The plot shows peak abundances around 30 %.
```{r}
# Subset data by taking only Firmicutes
tse_firmicutes <- tse_phylum["Firmicutes"]
# Gets the abundance table
abundance_firmicutes <- assay(tse_firmicutes, "relabundance")
# Creates a data frame object, where first column includes abundances
firmicutes_abund_df <- as.data.frame(t(abundance_firmicutes))
# Rename the first and only column
colnames(firmicutes_abund_df) <- "abund"
# Creates a plot. Parameters inside feom_density are optional. With
# geom_density(bw=1000), it is possible to adjust bandwidth.
firmicutes_abund_plot <- ggplot(firmicutes_abund_df, aes(x = abund)) +
geom_density(color="darkred", fill="lightblue") +
labs(x = "Relative abundance", title = "Firmicutes") +
theme_classic() + # Changes the background
scale_x_continuous(label = scales::percent)
firmicutes_abund_plot
```
```{r, echo=FALSE}
# # Does the same thing but differently
# # Calculates the density. Bandwidth can be adjusted; here, it is 0.065.
# # density() is from stats package
# density_firmicutes <- density(abundance_firmicutes, bw = 0.065)
#
# # Plots the density
# plot(density_firmicutes,
# xlab="Relative abundance",
# ylab="Density",
# main=paste0("Firmicutes (",density_firmicutes$n, " obs, ",
# density_firmicutes$bw, " bw)"))
```
For more visualization options and examples, see the [miaViz vignette](https://microbiome.github.io/miaViz/articles/miaViz.html).
## Exercises (optional)
Explore some of the following questions on your own by following
[online examples](https://microbiome.github.io/OMA/). Prepare a
reproducible report (Rmarkdown), and include the code that you use to
import the data and generate the analyses.
* **Abundance table** Retrieve the taxonomic abundance table from the
example data set (TSE object).

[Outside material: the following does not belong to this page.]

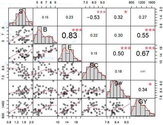 Correlation analysis between grain yield and its components. The S indicates the stem number. B indicates the branch number of the main stem. E indicates the effective capsule number. SC indicates the seed number per capsule. GY indicates the grain yield. *, *** indicate significant, or extremely significant between treatments at p < 0.05, or, p < 0.001, respectively.

Tip: check "assays" in [data import
section](https://microbiome.github.io/OMA/data-introduction.html#loading-experimental-microbiome-data)
* How many different samples and genus-level groups this phyloseq
object has? Tips: see dim(), rowData()
* What is the maximum abundance of Akkermansia in this data set? Tip:
aggregate the data to Genus level with agglomerateByRank, pick
abundance assay, and check a given genus (row) in the assay
* Draw a histogram of library sizes (total number of reads per
sample). Tip: Library size section in
[OMA](https://microbiome.github.io/OMA/quality-control.html). You
can use the available function, or count the sum of reads per
sample by using the colSums command applied on the abundance
table. Check [Vandeputte et
al. 2017](https://www.nature.com/articles/nature24460) for further
discussion on the differences between absolute and relative
quantification of microbial abundances.
* **Taxonomy table** Retrieve the taxonomy table and print out the
first few lines of it with the R command head(). Investigate how
many different phylum-level groups this phyloseq object has? Tips:
rowData, taxonomicRanks in
[OMA](https://microbiome.github.io/OMA/taxonomic-information.html#functions-to-access-taxonomic-information).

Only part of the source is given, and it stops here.